TASK BRIEF - Everything from the line containing "Лонгслив женский. Хлопок" through the last line of the listing below should be returned exactly, except for pictures.

======== DATA FOR REVIEW

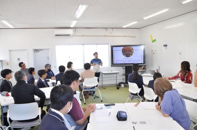 「沖縄をソーシャルビジネスアイランドに」をコンセプトにした「島ぜんぶでうむさんラブ」(主催・よしもとラフ&ピース、うむさんラボ)キャラバン2023ワークショップ(WS)が16日、平良の学習塾で行われた。参加した市民らは、先輩起業家の講話やアイデア実現に向けたコンセプトづくりなどを通して、社会課題をビジネスの手法で解決する「ソーシャルビジネス」について学んだ。
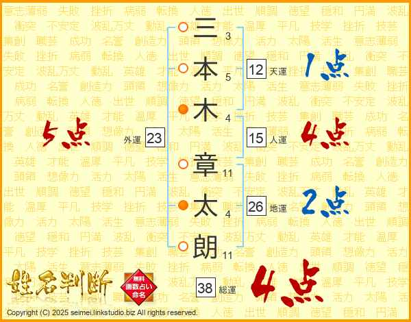 三(3画)本(5画)木(4画) 章(11画)太(4画)朗(11画)
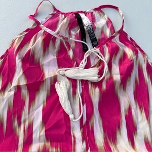 Stylish Kensie tank top. Features vibrant pink, tan and white pattern. Lightweight and comfortable. Perfect for casual wear or wear it under a blazer with jeans
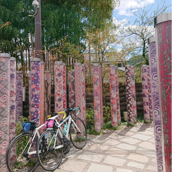 「キモノ・フォレスト」とは…? 京友禅の生地をアクリルで包み高さ約2mのポールにしたものを駅構内や線路脇のいたる所に設置し、京友禅の林に見立てたもの。 嵐山駅の敷地全体を覆い尽くす京友禅の柱はなんと600本もあるそうだ!
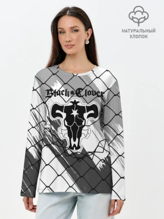 Лонгслив женский. Хлопок / Чёрный клевер бык за решеткой.
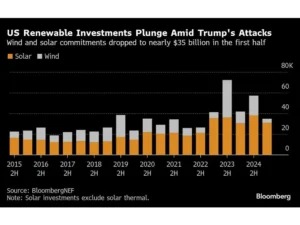 However, investment in U.S. wind and solar fell by 13% compared to the same time in 2024. The decline followed political shifts that created uncertainty for developers, especially in wind energy.

================

EXERCISE OUTPUT -
 Лонгслив женский. Хлопок / Чёрный клевер бык за решеткой.
 However, investment in U.S. wind and solar fell by 13% compared to the same time in 2024. The decline followed political shifts that created uncertainty for developers, especially in wind energy.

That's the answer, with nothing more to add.